[Dataset content Boundary: Start]

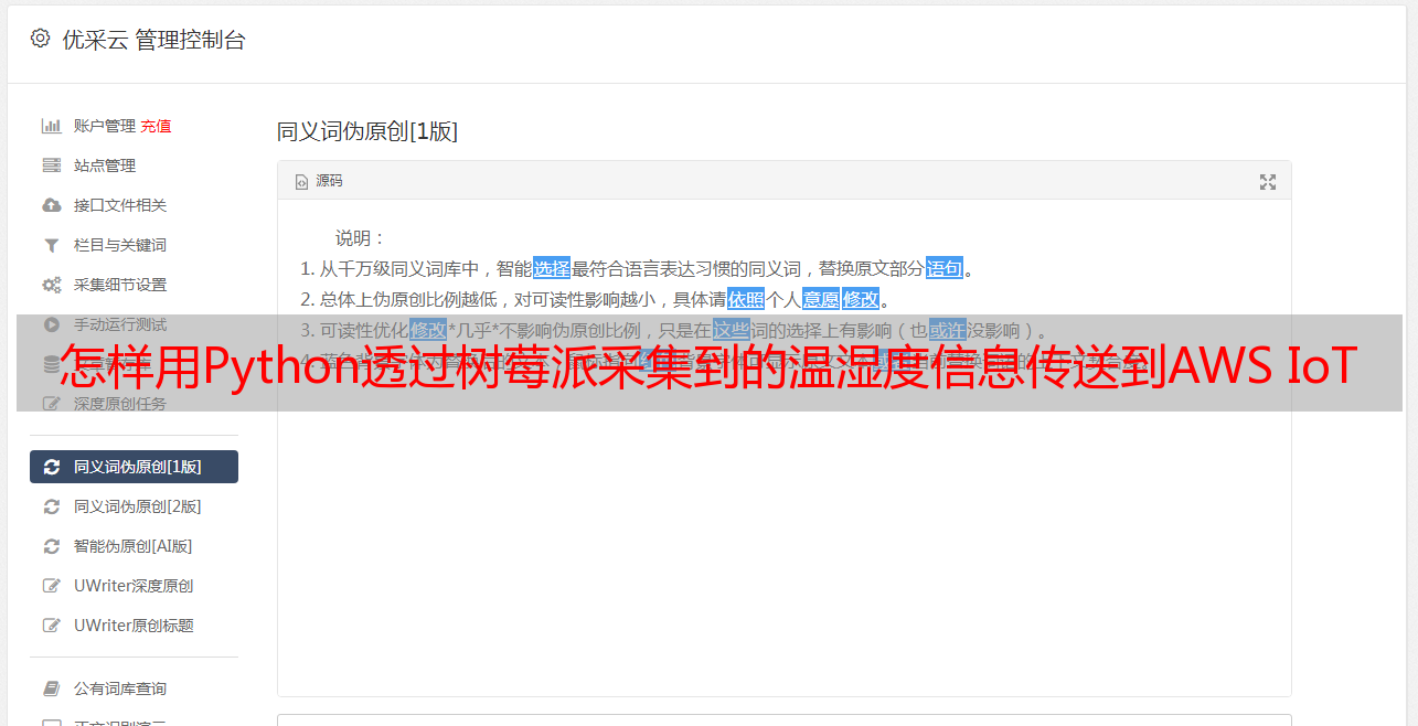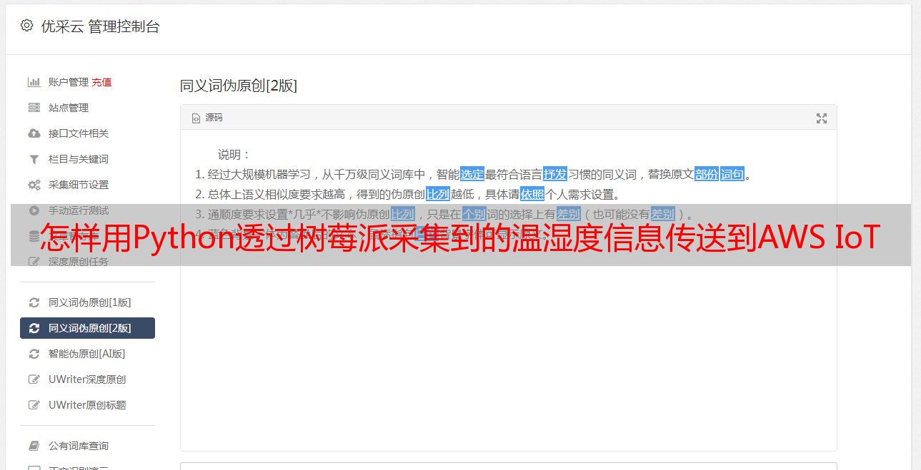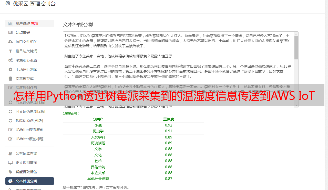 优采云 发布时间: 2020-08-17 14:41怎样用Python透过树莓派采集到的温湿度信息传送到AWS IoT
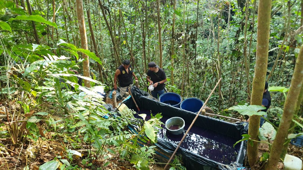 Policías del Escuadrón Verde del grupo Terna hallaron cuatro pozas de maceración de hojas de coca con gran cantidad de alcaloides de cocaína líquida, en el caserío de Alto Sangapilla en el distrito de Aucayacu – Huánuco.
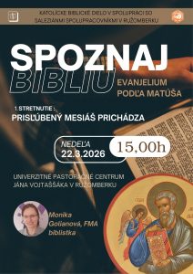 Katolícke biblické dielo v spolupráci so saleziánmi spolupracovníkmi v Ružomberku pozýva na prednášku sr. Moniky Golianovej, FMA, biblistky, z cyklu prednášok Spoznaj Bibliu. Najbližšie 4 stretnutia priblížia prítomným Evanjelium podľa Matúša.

[Dataset content Boundary: End]

Goal of the exercise ->
Repeat all of the data above word for word, minus the pictures.

Task solution ->
 优采云 发布时间: 2020-08-17 14:41怎样用Python透过树莓派采集到的温湿度信息传送到AWS IoT
 Policías del Escuadrón Verde del grupo Terna hallaron cuatro pozas de maceración de hojas de coca con gran cantidad de alcaloides de cocaína líquida, en el caserío de Alto Sangapilla en el distrito de Aucayacu – Huánuco.
 Katolícke biblické dielo v spolupráci so saleziánmi spolupracovníkmi v Ružomberku pozýva na prednášku sr. Moniky Golianovej, FMA, biblistky, z cyklu prednášok Spoznaj Bibliu. Najbližšie 4 stretnutia priblížia prítomným Evanjelium podľa Matúša.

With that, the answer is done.